Closed UserNameNicolas closed 8 months ago
Hey, thank you for your request. Calibration timeout and delta only works for native calibration. So I think you tried generic calibration and the calculated temperature confuses your family.
But I don't understand your request in that case. If there is a static offset the target temperature of your trvs also gets manipulated. That means they display not the reals target temperature.
I have a page in my dashboard with helper input numbers. Living room comfort temperature: 21 Living room eco temperature: 18
I use this in the blueprint for comfort temperature and eco temperature. Now without any calibration my room temperature is way too high.
So i tried generic calibration with a temperature sensor. But then i have a problem with "wrong" calibration because my temperature sensor sends new temperature in a 30min cycle. So if i open the window the sensor sends a way too low temperature value. Then i close the window and 25 min my trv is heating too much.
So i decided to use a "static" temperature offset. I removed the calibration sensor and reduced the comfort temperature to 16 and now i have 21°C in my room. Works very good for me. But now there is a 16 in my dashboard. That is confusing.
So i need a static offset value in the blue print. Then i can type 21 to comfort temperature and -5 in the "static temperature offset calibration".
EDIT: I recently pushed a hot fix to set a range of +/-2 for generic calibration.

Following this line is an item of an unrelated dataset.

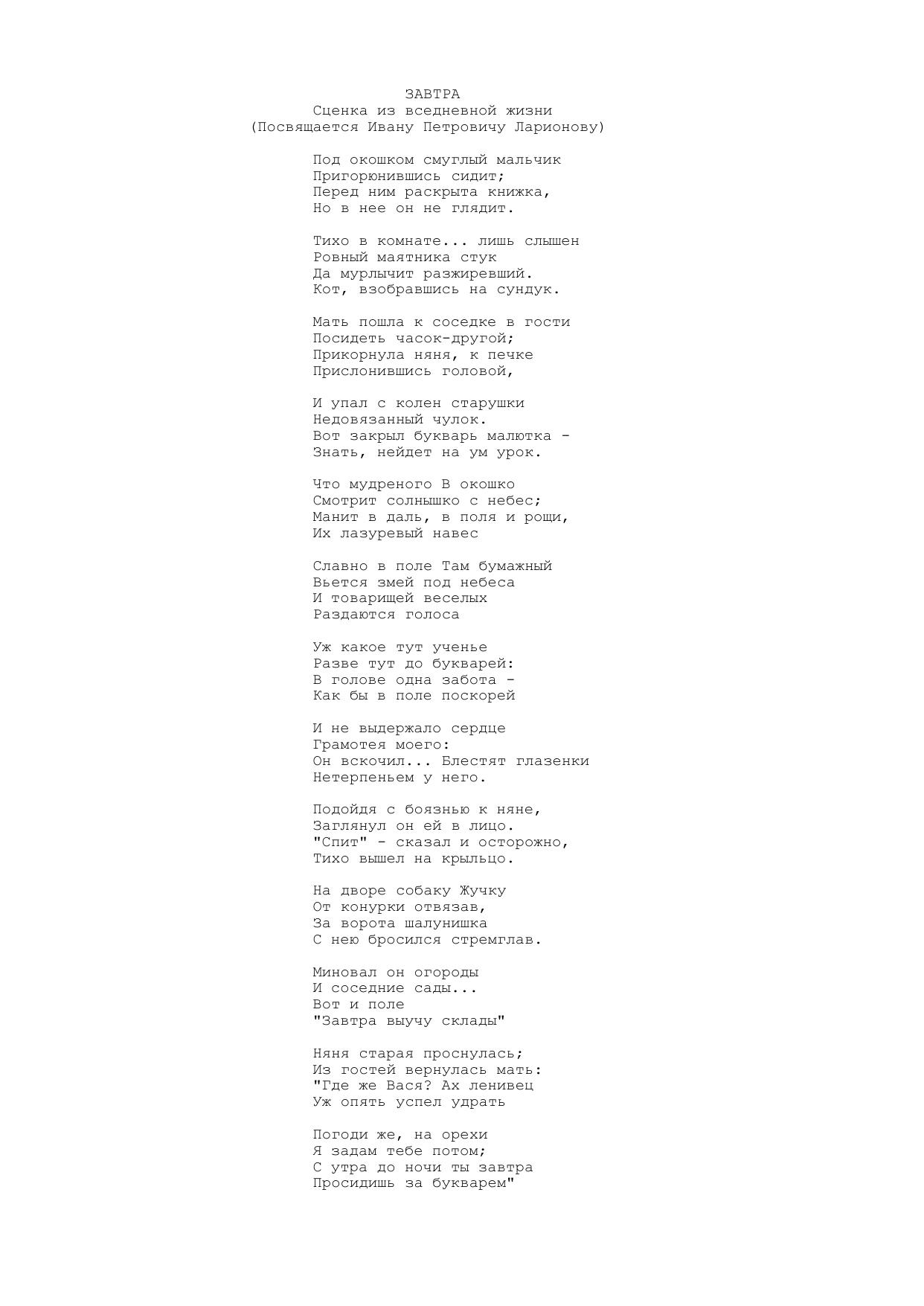Завтра (Сценка из вседневной жизни)

Ah ok. Thanks for your ideas. I think this is why most native calibration functions only accept a deviation of +/-2°C. Will will add this in the blueprint.
But for your problem:
Create a new input_boolean helper for your automation called, e.g. Is heating
Then setup another helper:
{{ iif(state('input_boolean.is_heating') == 'on', state('input_number.comfort_temperature'), state('input_number.eco_temperature')) | float - float(5) }}
Then navigate to the blueprint settings and select this sensor as temperature sensor and enable generic calibration. Then just scroll down and create a custom action. Best way is to enable yaml mode for the custom action and add this. Don't forget to adjust the entity_id.
if:
- condition: template
value_template: "{{ is_state('input_boolean.is_heating','on') != is_heating }}"
then:
- service: "input_boolean.turn_{{ iif(is_heating,'on','off') }}"
data:
entity_id: input_boolean.is_heating # edit this entity id to yours
Explanation: Now the automation is storing the heating state in the helper input_boolean.is_heating. Regarding the state the fake template temperature sensor takes your eco or comfort entity and -5 gets subtracted from the value. Then the generic calibration takes place and adjust the new values for your thermostats.
Thank you for your help.
Hello,
first of all i like your blueprint. Nice work. I have really slow tuya temperature sensors (30min between new values) and tuya trvs with no local temperature calibration. I tried to use the calibration temperature sensor option in the blueprint and played a lot with the calibration timeout. But nothing works fine for me. For me its the best to calculate the temperature offset manually and change the eco and comfort temperature. But now the problem: Its a little bit confusing to my family if there is a comfort temperature of 16°C and they rise it every time to hell. So here my request: Can you add a static offset? Then i can change the comfort temperature back to 21°C and set the static offset till i have 21°C in the room.